At the start of this period, steam locomotives came into the heart of the larger cities. By the end of the period, the urban terminals of many railroads had been electrified, thereby transferring much air pollution from the railroad right-of-way to the electric generating station. The replacement of coal by oil in many applications decreased ash emissions from those sources. There was rapid technological change in industry. However, the most significant change was the rapid increase in the number of automobiles from almost none at the turn of the century to millions by 1925.

The principal technological changes in the engineering control of air pollution were the perfection of the motor-driven fan, which allowed large-scale gas-treating systems to be built; the invention of the electrical precipitator, which made particulate control in many processes feasible; and the development of a chemical engineering capability for the design of process equipment, which made the control of gas and vapor effluents feasible.

1925-1950

In this period, present-day air pollution problems and solutions emerged. The Meuse Valley (Belgium) deaths occurred in 1930; the Donora, Pennsylvania, deaths occurred in 1948; and the Poza Rica, Mexico, deaths in 1950. Smog first appeared in Los Angeles in the 1940s. The Trail, British Columbia. smelter arbitration was completed in 1941. The first National Air Pollution Symposium in the United States was held in Pasadena. California, in 1949, and the first United States Technical Conference on Air Pollution was held in Washington, D.C. in 1950. The first large-scale surveys of air pollution were undertaken – Salt Lake City, Utah in 1926; New York in 1937 and Leicester, England in 1939. Air pollution research got a start in California. The technical foundation for air pollution meteorology was established in the search for means of disseminating and protecting against chemical, biological, and nuclear warfare agents. Toxicology came of age. The stage was set for the air pollution scientific and technological explosion of the second half of the twentieth century.

A major technological change was the building of natural gas pipelines, and where this occurred, there was rapid displacement of coal and oil as home heating fuel, with dramatic improvement in air quality; witness the much publicized decrease in black smoke in Pittsburgh and St. Louis. The diesel locomotive began to displace the steam locomotive, thereby slowing the pace of railroad electrification. The internal combustion engine bus started its displacement of the electrified streetcar. The automobile continued to proliferate. During this perkid, no significant national air pollution legislation or regulations were adopted anywhere in the world. The first state air pollution law in the United States was adopted by California in 1947.

1950-1980

In Great Britain, a major air pollution disaster hit London in 1952, resulting in the passage of the Clean Air Act in 1956 and an expansion of the authority of the Alkali Inspectorate. The principal changes that resulted were in the means of heating homes. Previously, most heating was done by burning soft coal on grates in separate fireplaces in each room. A successful effort was made to substitute smokeless fuels for the soft coal used in this manner, and central or electrical heating for fireplace heating. The outcome was a decrease in smoke concentration as measured by the blackness of paper fillers through which British air was passed from 175 g/m3 in 1958 to 75 g/m3 in 1968.

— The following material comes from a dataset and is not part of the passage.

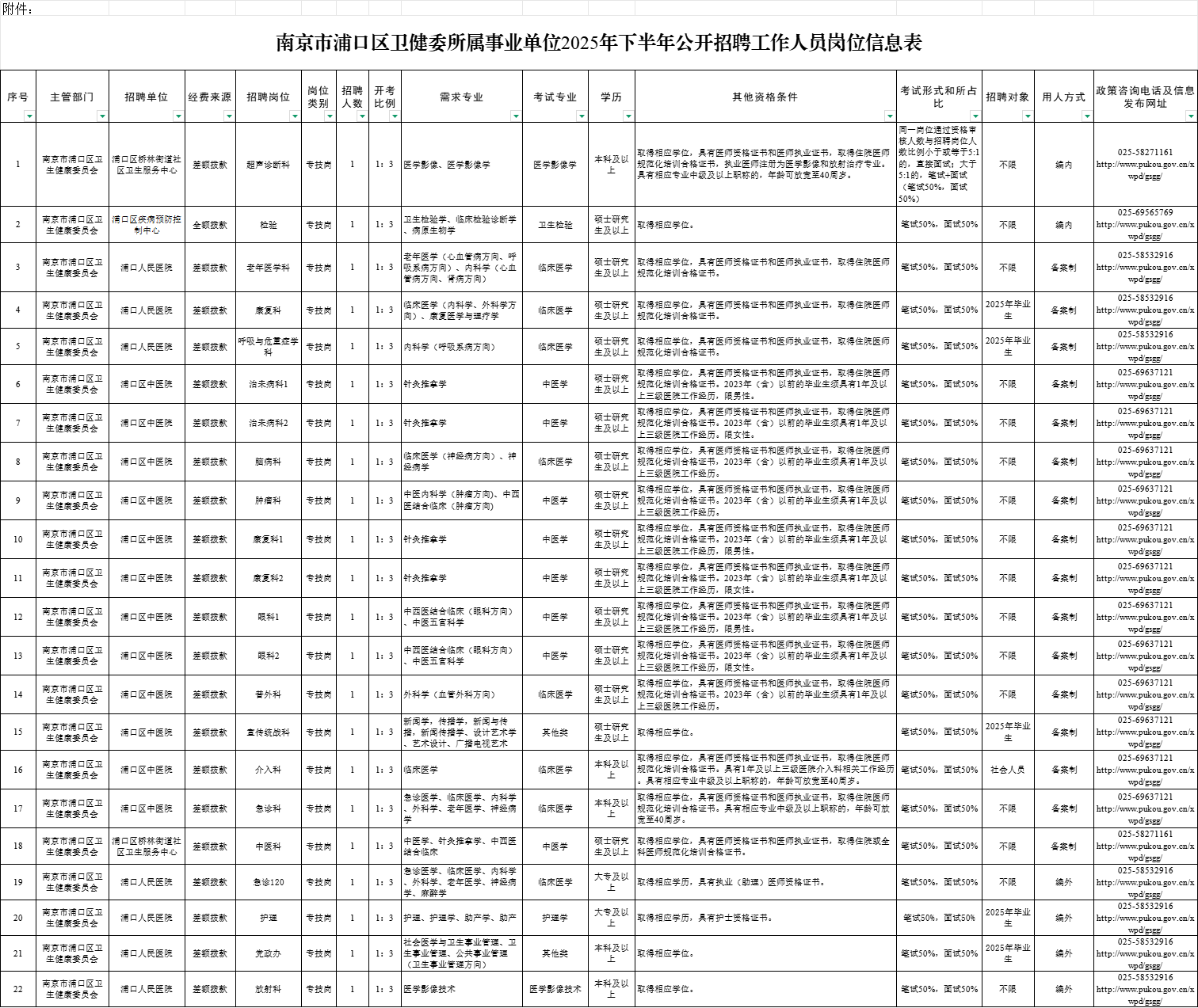有关招聘资格条件、咨询电话等信息详见《南京市浦口区卫健委所属事业单位2025年下半年公开招聘工作人员岗位信息表》(附件,以下简称《岗位信息表》)。

During these two decades, almost every country in Europe, as well as Japan, Australia, and New Zealand, experienced serious air pollution in its larger cities. These countries were the first to enact national air pollution control legislation. By 1980, major national air pollution research centers had been set up in England, France, the Netherlands, Sweden, Germany and Japan.

In the United States, the smog problem continued to worsen in Los Angeles and appeared in large cities throughout the nation. In 1955 the first federal air pollution legislation was enacted, providing federal support for air pollution research, training, and technical as-sistance. Responsibility for the administration of the federal program was given to the Public Health Service and remained there until 1970, when it was transferred to the new United States Environmental Protection Agency (EPA). The initial legislation was amended and extended several times between 1955 and 1980, greatly increasing federal authority.

As in Europe, air pollution research activity expanded tremendously in the United States during these three decades. An International Air Pollution Congress was held in New York City in 1955. Three National Air Pollution Conferences were held in Wash-ington, D.C. In 1959, an International Clean Air Conference was held in London. In 1964, the International Union of Air Pollution Prevention Associations (IUAPPA) was formed. IUAPPA has held International Clean Air Con-gresses in London in 1966; Washington, D.C. in 1970; Dusseldorf in 1973; Tokyo in 1977; Buenos Aires in 1980; Paris in 1983; Sydney in 1986 and The Hague in 1989.

Technological interest during these 30 years has focused upon automo-tive air pollution and its control, upon sulfur oxide pollution and its control by sulfur oxide removal from flue gases and fuel desulfurization, and upon control of nitrogen oxides produced in combustion processes.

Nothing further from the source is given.